Upon returning to Buenos Ayres, my blue-satin bedroom looked strangely artificial and effeminate, after sleeping on the ground under the stars for so long.
CHAPTER IX
Paraguay—Journey up the river—A primitive Capital—Dick the Australian—His polychrome garb—A Paraguayan Race Meeting—Beautiful figures of native women—The "Falcon" adventurers—a quaint railway—Patiño Cué—An extraordinary household—The capable Australian boy—Wild life in the swamps—"Bushed"—A literary evening—A railway record—The Tigre midnight swims—Canada—Maddening flies—A grand salmon river—The Canadian backwoods—Skunks and bears—Different views as to industrial progress.
As negotiations had commenced in the "'eighties" for a new Treaty, including an Extradition clause, between the British and Paraguayan Governments, several minor points connected with it required clearing up.
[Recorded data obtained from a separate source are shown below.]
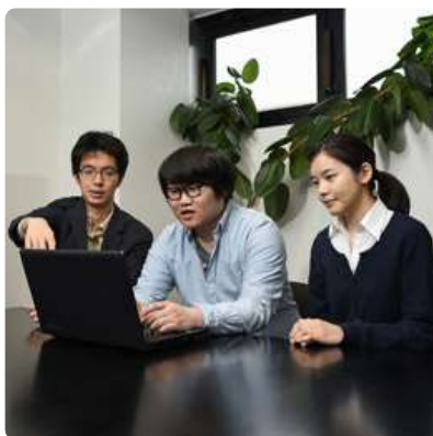
研修充実。分からない部分を社員同士で教え合う文化もあります。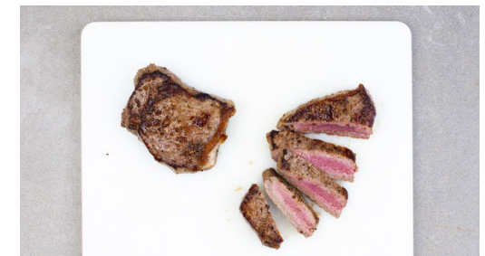
6. Fleisch schneiden

Das Fleisch trocken tupfen und in einer mittelgroßen Pfanne mit 1EL Olivenöl bei starker Hitze auf jeder Seite 3-4Min. scharf anbraten. Aus der Pfanne nehmen, nach Belieben mit Salz und Pfeffer würzen und bis zum Servieren auf einem Teller abgedeckt ruhen lassen.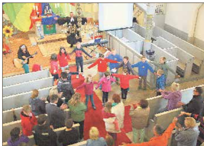
Die Kirche in Brünn wurde entsprechend dem Anlass liebevoll mit vielen kleinen Schultüten, Luftballons und vielem mehr geschmückt.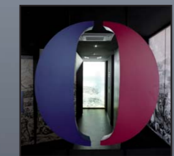
Centro de Interpretación "Mortágua en la Batalla de Bussaco".

Las Líneas de Torres Vedras conforman en sí mismas un atractivo turístico de primer orden, complementado con varios centros de interpretación -Fuerte de Alqueidão, Sobral, Torres Vedras- que nos darán una idea más certera de su propósito, construcción, funcionamiento y desempeño. También Bussaco, Mortágua, Almeida y Ciudad Rodrigo ofrecen recursos expositivos donde conocer la guerra y costumbres del periodo. El castillo de San Felices de los Gallegos y el Fuerte de la Concepción fueron testigos del enfrentamiento entre las tropas aquellos años; en este último podemos alojarnos, así como en el Parador de la vecina Ciudad Rodrigo, en el Palacio Hotel de Bussaco o en el Palacio Anadia en Mangualde.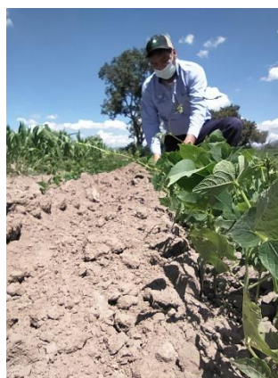
Figura 2. Acción de muestreo de conchuela de frijol ( Epilachna varivestis )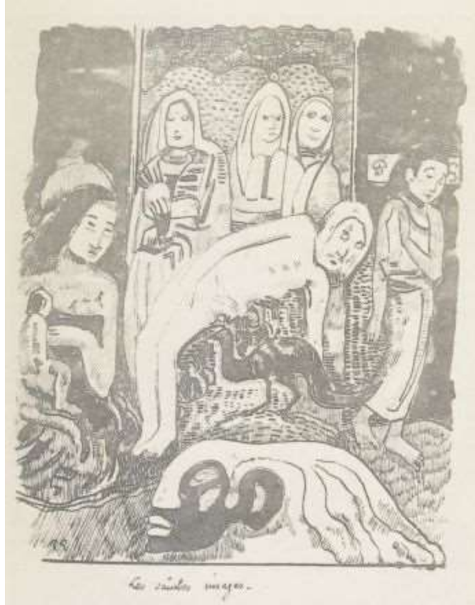
Les saintes images.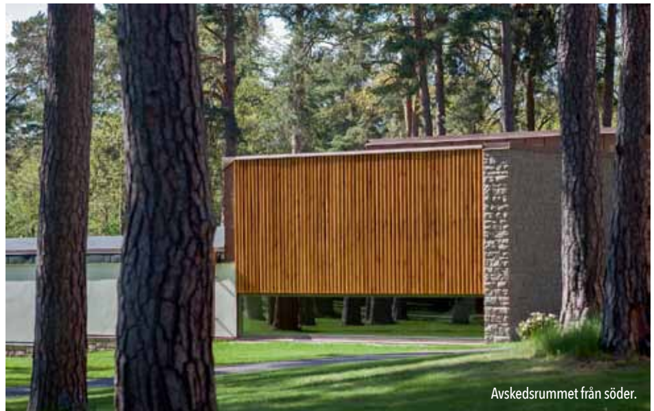
Avskedsrummet från söder.

DET BÖRJADE 2006 som en skiss för ett skärmtak. Vi var i färd med att rita nya förvaltningsbyggnader till Norra Kyrkogården i Kalmar där Heliga Korssets kyrka och krematoriet ligger alldeles intill. Vi tog en promenad och tittade.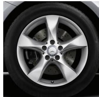
R24 cerchio in lega 17"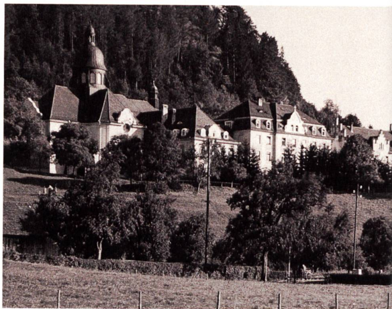
Das ehemalige St. Gallus-Stift in Bregenz.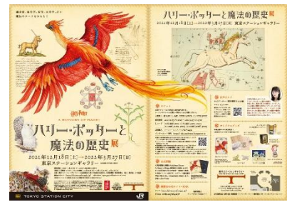
展示内容 イメージ

大英図書館の大規模な展覧会が日本に巡回するのは初めてであり、その充実したコレクションの一端をご覧いただける絶好の機会となります。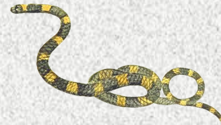
Konsumen tingkat III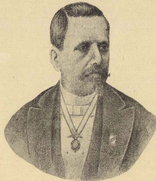
GENERAL GUILLERMO PALOMINO.

“Sudoroso y agitado por la fatiga, emprendí violentamente mi marcha para la casa donde tenía mis caballos, mi crido y el guía, y pude, sin más tropiezo llegar á ella.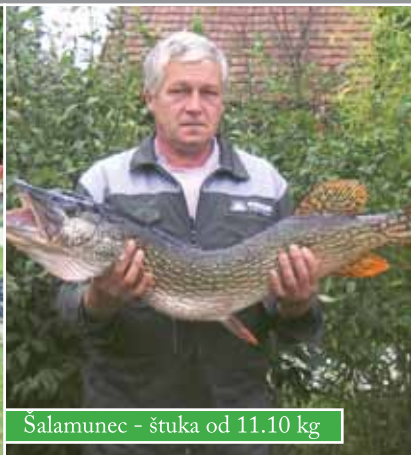
Šalamunec - štuka od 11.10 kg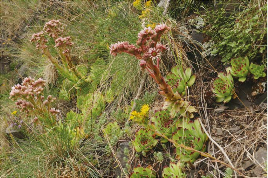
Abb. 33: Das Vorkommen der Dach-Hauswurz ( Sempervivum tectorum ) am Bilstein bei Albugen ist möglicherweise indigen.

Scorzonera purpurea : Das Vorkommen war auf die Kalksteinbrüche westlich Flörsheim (5916/3), Region Südwest, beschränkt. Der letzte Herbarbeleg stammt aus dem Jahre 1949, das Vorkommen wurde spätestens 1978 vernichtet (Poschwitz 1994).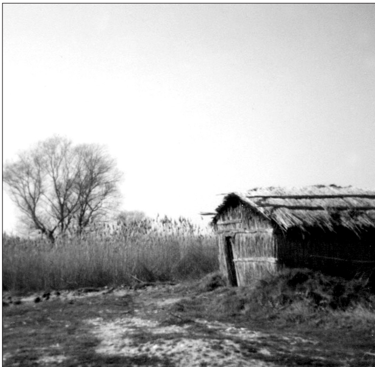
Ψαροκαλύβα της λίμνης.

θλιβερό, αλλά και ανθρώπων που έζησαν «ζωή χαρισάμενη», κάνοντας master plan και μελέτες επί μελετών, τρώγοντας ασύστολα τα λεφτά της Ευρώπης. Κανένας δε πήγε φυλακή, γιατί κανένας δεν είχε το κουράγιο να τους καταγγείλει, οι όποιες δε καταγγελίες έγιναν από ιδιώτες, καταδίκασαν τελικά τη χώρα μας σε μεγάλα πρόστιμα, τα οποία πλήρωσαν όχι αυτοί που έφταιγαν, αλλά ο δημόσιος κορβανάς, δηλαδή εσείς και εγώ.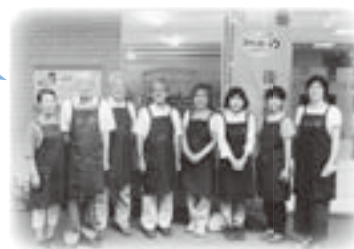
「スペース・わ」ボランティアの皆さん

スタッフの多くは「自分の時間を少し、地域のために使いたい」「私にもできることを何かしたい」という思いから講座を受講しました。高齢でも元気に過ごしたいという思いは、スタッフを含め皆に共通するものです。一日誰とも話をしないのは心身によくありません。「スペース・わ」のような所で、お茶を飲みながらチョットでも話をして、元気にお帰りになるといいなとスタッフ一同思っています。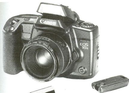
Canon EOS 10 har triple-AF og programmering med stregkode som på Panasonics videomaskiner.

Canon Prima Twin skabte interesse takket være 28 mm vidvinkel og Date-udgavens verdensur.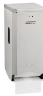
PR2784CS Acabado satinado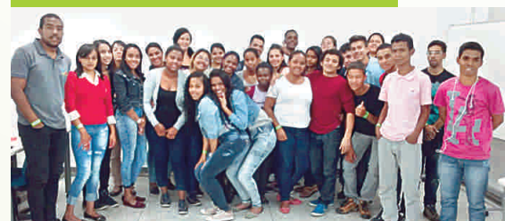
13 DE SETEMBRO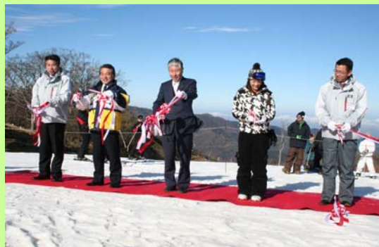
12月15日に行われたオープニングセレモニー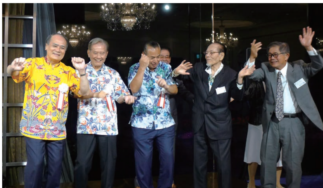
2018年6月15日第52回関東沖縄経営者協会定時総会・懇親会の舞台にて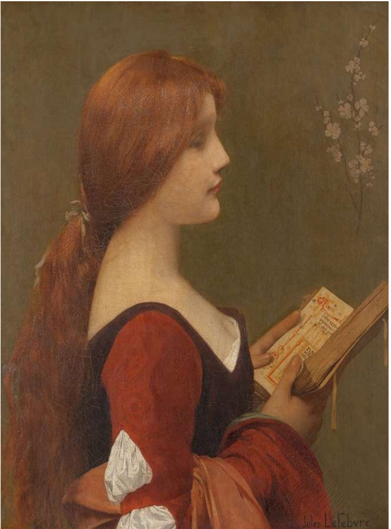
Jeanne la Rousse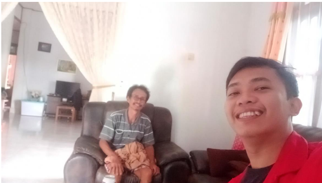
Wawancara Bersama Lembaga Adat Lembang Rinding Batu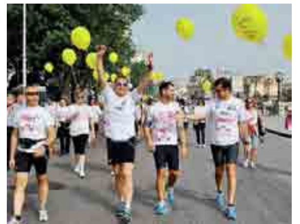
RACE FOR THE CURE La bellissima corsa di ieri a Bari

Ancora una volta è l'inesauribile energia dei bambini che cambia il mondo e la città. Così come mi piace ricordare che prima delle premiazioni sul grande palco eretto alla rotonda Giannella di fronte ai giardini alle spalle del mare si sono alternate delle cantanti di eccezione. E come non provare un'emozione profonda quando è toccato pro-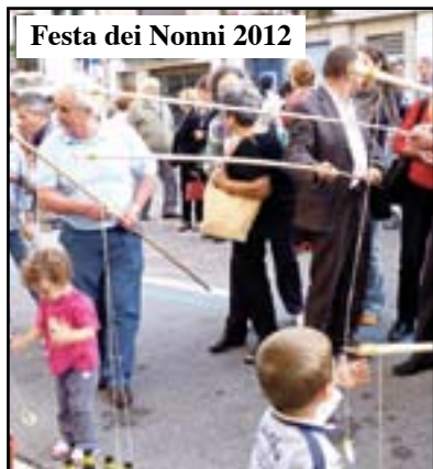
Festa dei Nonni 2012

La Festa dei Nonni, in programma domenica 6 ottobre, torna all'antico. Dopo alcune edizioni organizzate dal Comune in piazza Giovanni XXIII e corso Garibaldi, l'evento sarà di nuovo ospitato nel cortile del Centro Sociale di via Rinaldo.

I accordingly went up the river to Asuncion, the Paraguayan capital, five days distant from Buenos Ayres by steamer. A short account of that primitive little inland Republic in the days before it was linked up with Argentina by railway may prove of interest, for it was unlike anything else, with its stately two hundred-year-old relics of the old Spanish civilisation mixed up with the roughest of modern makeshifts. The vast majority of the people were Guaranis, of pure Indian blood and speech. The little State was so isolated from the rest of the world that the nineteenth century had touched it very lightly. Since its independence Paraguay had suffered under the rule of a succession of Dictator Presidents, the worst of whom was Francisco Lopez, usually known as Tyrant Lopez. This ignorant savage aspired to be the Napoleon of South America, and in 1864 declared war simultaneously on Brazil, Uruguay, and the Argentine Republic. The war continued till 1870, when, fortunately, Lopez was killed, but the population of Paraguay had diminished from one and a quarter million to four hundred thousand people, nearly all the males being killed. In my time there were seven women to every male of the population.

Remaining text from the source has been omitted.